**Instructions to follow**
Will you output the entries below exactly, skipping every image they contain?

**Records shown**
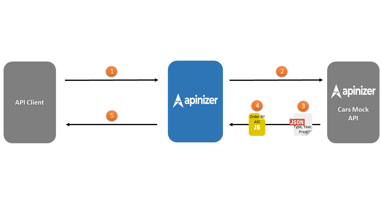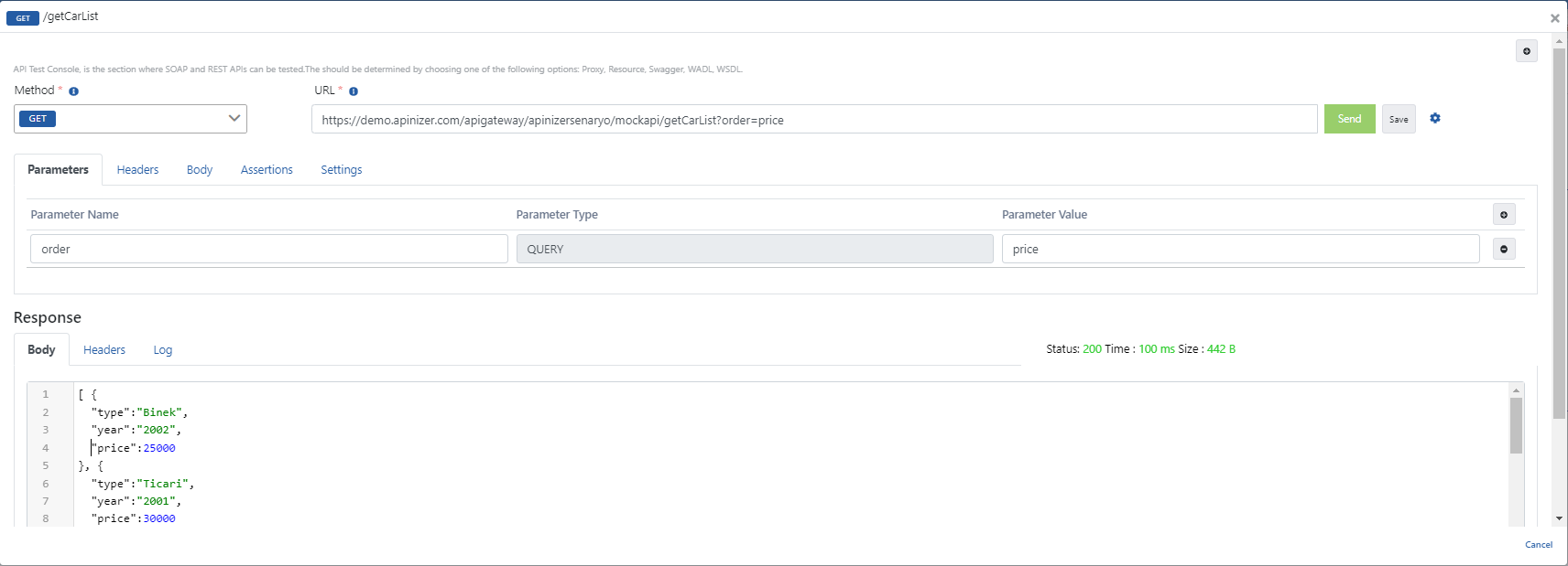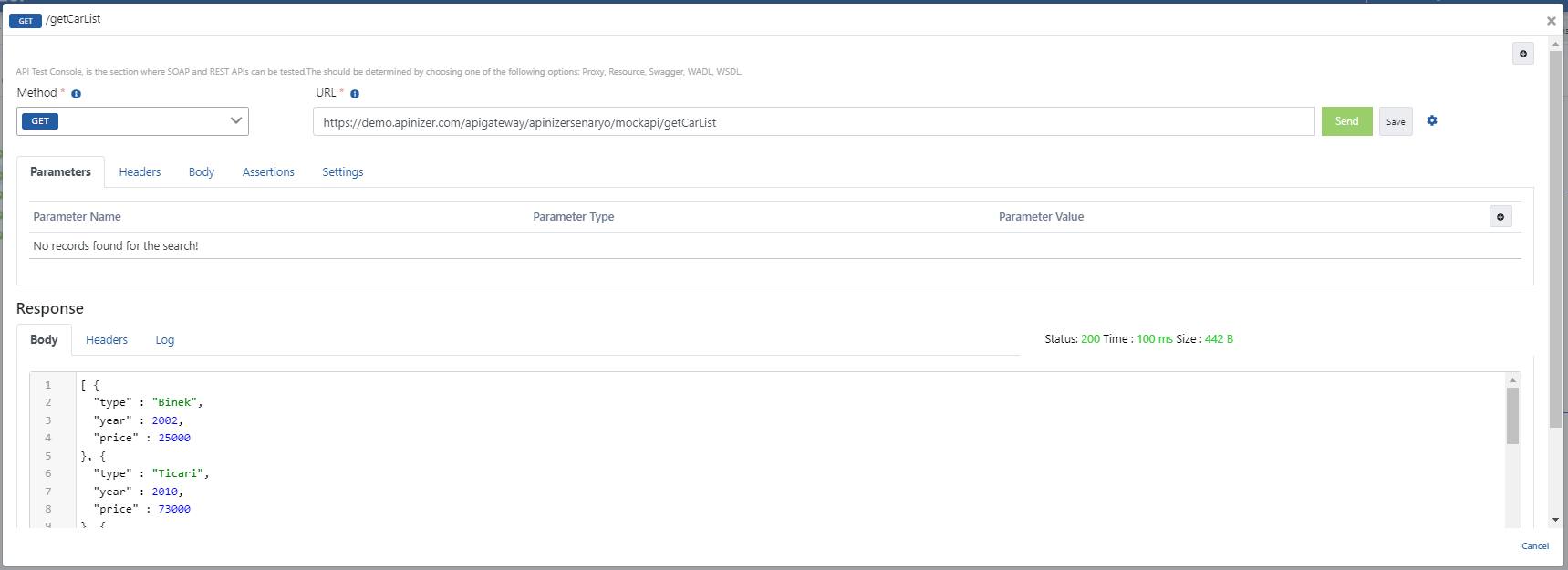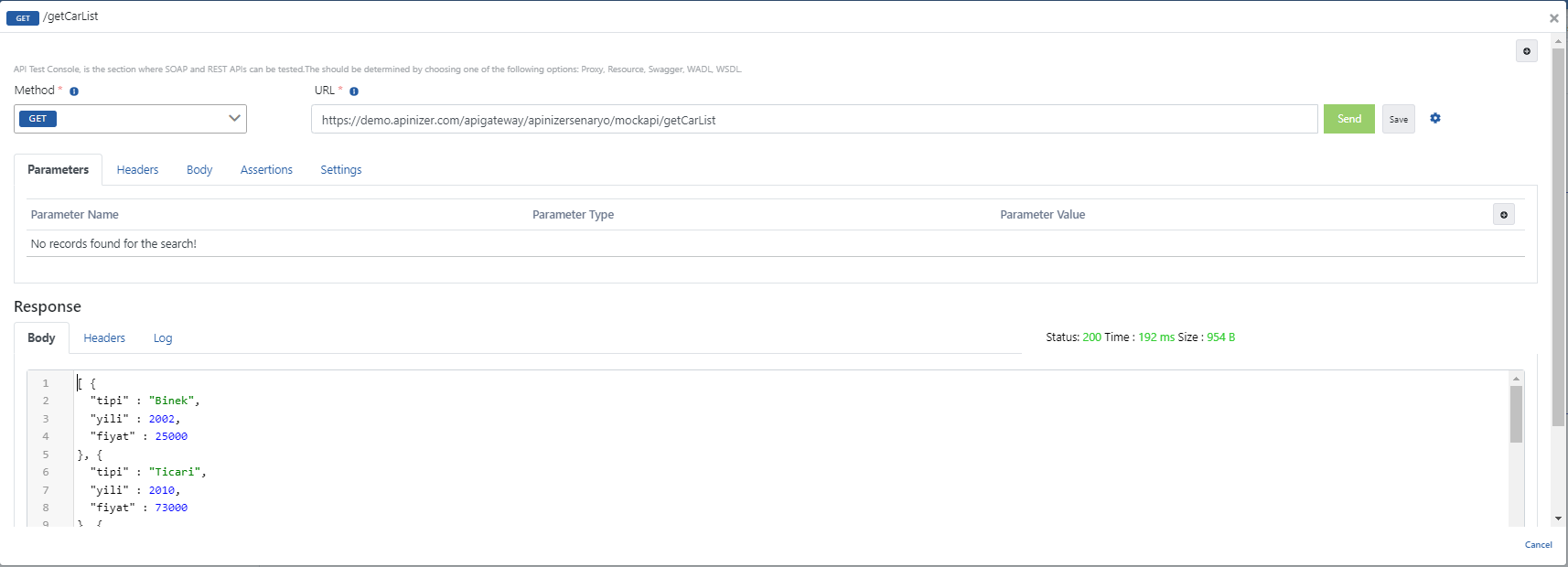 - Cars Mock API'den dönen yanıt içerisinde yer alan tip, yıl, fiyat key'leri JSON Transformation poliçesi uygulanarak type, year, price key ifadelerine dönüştürülür ve Apinizer'a iletilir.
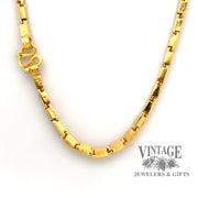 This 24 karat yellow gold chain is 17" in length with 2.3 mm square links and has a "harp" style 24 karat clasp.
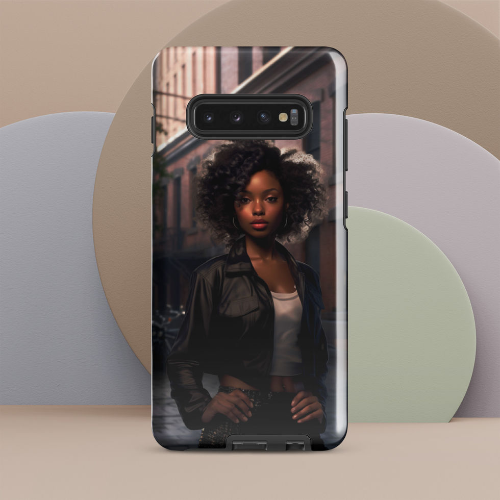 Command attention with the Midnight Allure Tough Case. This stunning design showcases a strong, confident woman in the heart of a city at night, exuding sophistication in her leather jacket and shimmering details. A seamless fusion of power and beauty, this case is perfect for those who move through life with fearless elegance. 🛡️💎
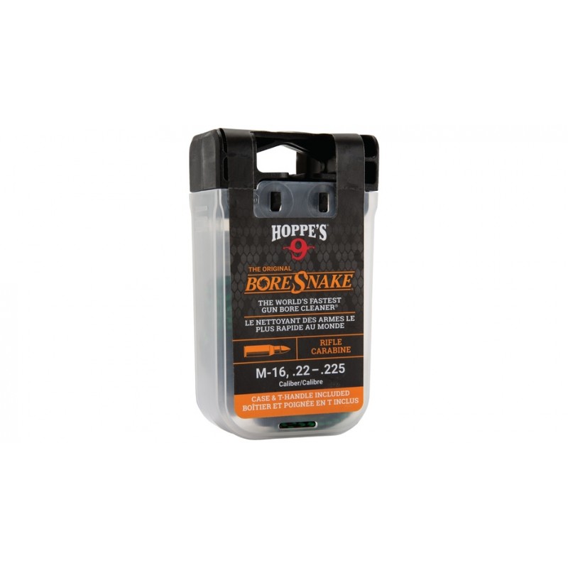 Hoppe's BoreSnake ist der schnellste Laufreiniger der Welt. Einmal durchziehen löst große Partikel, bürstet die Rückstande mit einer Bronze-Bürste aus und wischt dann alles makellos mit einem Reinigungsbereich sauber, der 160 mal größer ist als ein Standard-Patch.
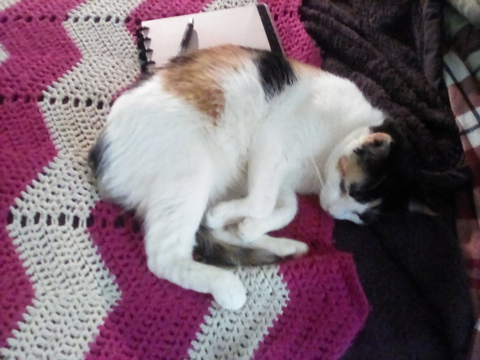 In case you are wondering how our Thanksgiving went, it was pretty fun. Aunt Anna played Sims a lot, Aunt Linda knitted, and Uncle Rheuben made the best grilled cheese and tomato soup for lunch. Dinner was frozen lasagna, for reasons I am not allowed to go into, but the humans said it’s the company that counts, and they still count this as a successful Thanksgiving. They will have turkey and some pies later.

**Response to the exercise**
 - Cars Mock API'den dönen yanıt içerisinde yer alan tip, yıl, fiyat key'leri JSON Transformation poliçesi uygulanarak type, year, price key ifadelerine dönüştürülür ve Apinizer'a iletilir.
 This 24 karat yellow gold chain is 17" in length with 2.3 mm square links and has a "harp" style 24 karat clasp.
 Command attention with the Midnight Allure Tough Case. This stunning design showcases a strong, confident woman in the heart of a city at night, exuding sophistication in her leather jacket and shimmering details. A seamless fusion of power and beauty, this case is perfect for those who move through life with fearless elegance. 🛡️💎
 Hoppe's BoreSnake ist der schnellste Laufreiniger der Welt. Einmal durchziehen löst große Partikel, bürstet die Rückstande mit einer Bronze-Bürste aus und wischt dann alles makellos mit einem Reinigungsbereich sauber, der 160 mal größer ist als ein Standard-Patch.
 In case you are wondering how our Thanksgiving went, it was pretty fun. Aunt Anna played Sims a lot, Aunt Linda knitted, and Uncle Rheuben made the best grilled cheese and tomato soup for lunch. Dinner was frozen lasagna, for reasons I am not allowed to go into, but the humans said it’s the company that counts, and they still count this as a successful Thanksgiving. They will have turkey and some pies later.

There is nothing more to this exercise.